EIGHTH:     A director of the Corporation shall not be personally liable to the
            Corporation or its stockholders for monetary damages for breach of
            fiduciary duty as a director, except for liability (i) for any
            breach of the director's duty of loyalty to the Corporation or its
            stockholders, (ii) for acts or omissions not in good faith or which
            involved intentional misconduct or a knowing violation of law, (iii)
            under Section 174 of the Delaware General Corporation Law, or (iv)
            for any transaction from which the director derived an improper
            personal benefit.

            If the Delaware General Corporation Law is hereafter amended to
            authorize the further elimination or limitation of the liability of
            a director, then the liability of a director of the Corporation
            shall be eliminated or limited to the fullest extent permitted by
            the Delaware General Corporation Law, as so amended.

            Any repeal or modification of the foregoing provisions of this
            Article EIGHTH by the stockholders of the Corporation shall not
            adversely affect any right or protection of a director of the
            Corporation existing at the time of such repeal or modification.

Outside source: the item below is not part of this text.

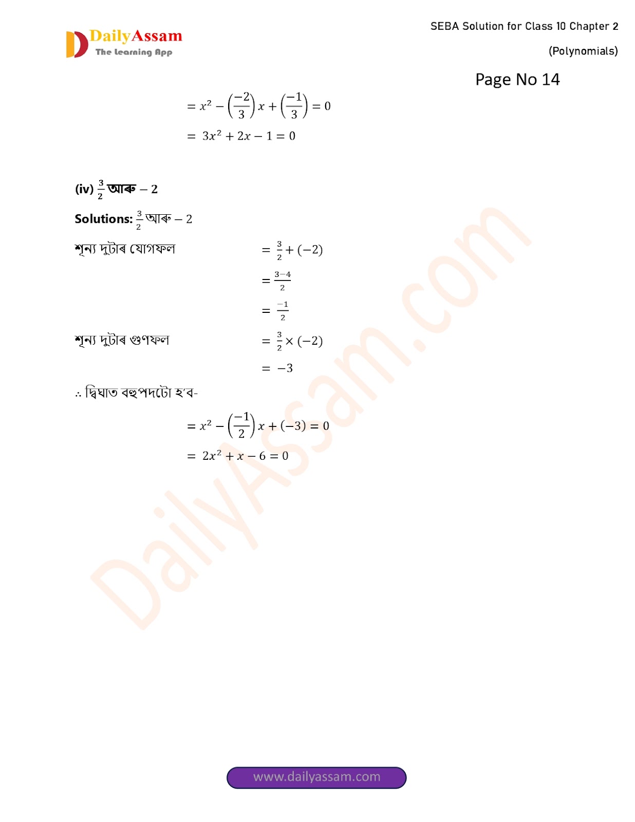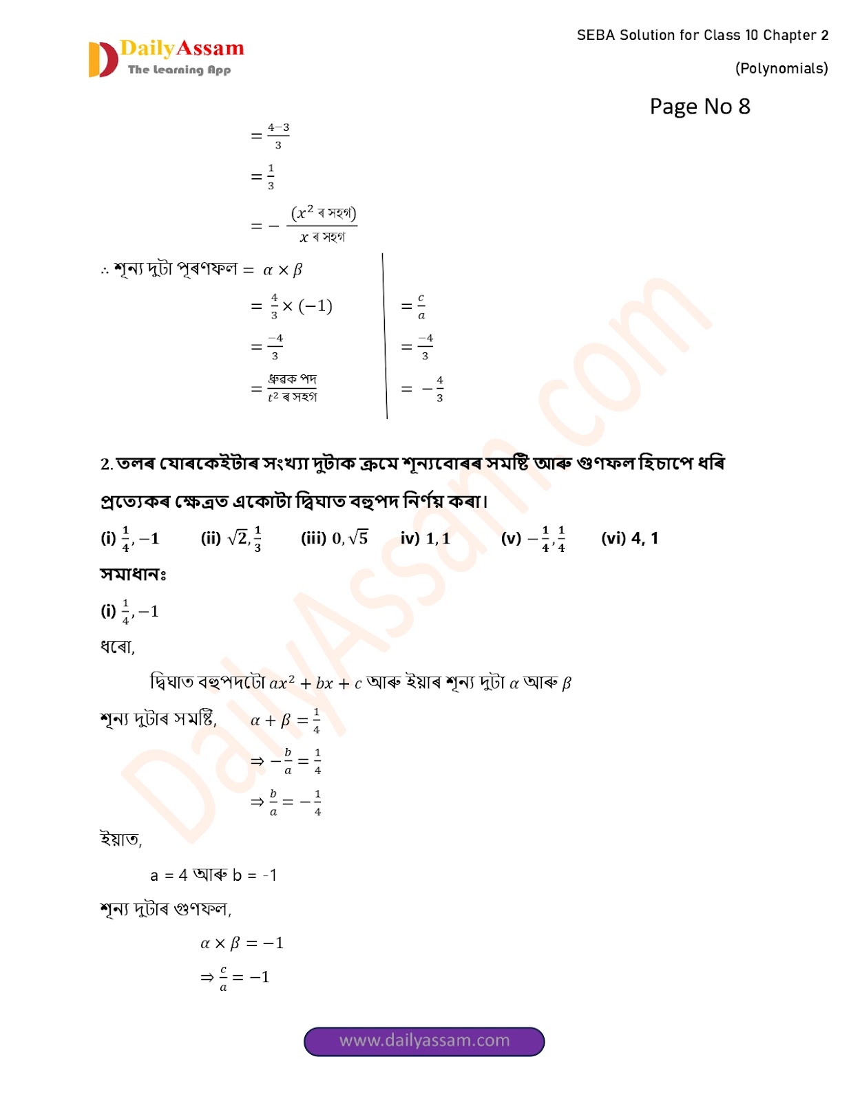 SEBA Class 10 Mathematics Chapter 2 Solution | Assam Board Class 10 Mathematics Chapter 2 বহুপদ (Polynomial) Answer | 2025 - 2026

NINTH:      The Corporation reserves the right to amend or repeal any provision
            contained in this Certificate of Incorporation in the manner
            prescribed by the laws of the State of Delaware and all rights
            conferred upon stockholders are granted subject to this reservation;
            provided, however, that, notwithstanding any other provision of this
            Certificate of Incorporation or any provision of law which might
            otherwise permit a lesser vote or no vote, but in addition to any
            vote of the holders of any class or series of the stock of this
            Corporation required by law or by this Certificate of Incorporation,
            the affirmative vote of the holders of at least 66-2/3% of the
            voting power of all of the then outstanding shares of the capital
            stock of the Corporation entitled to vote generally in the election
            of directors, voting together as a single class,


<PAGE>   4


            shall be required to amend or repeal this Article NINTH, Article
            FIFTH, Article SIXTH, Article SEVENTH or Article EIGHTH.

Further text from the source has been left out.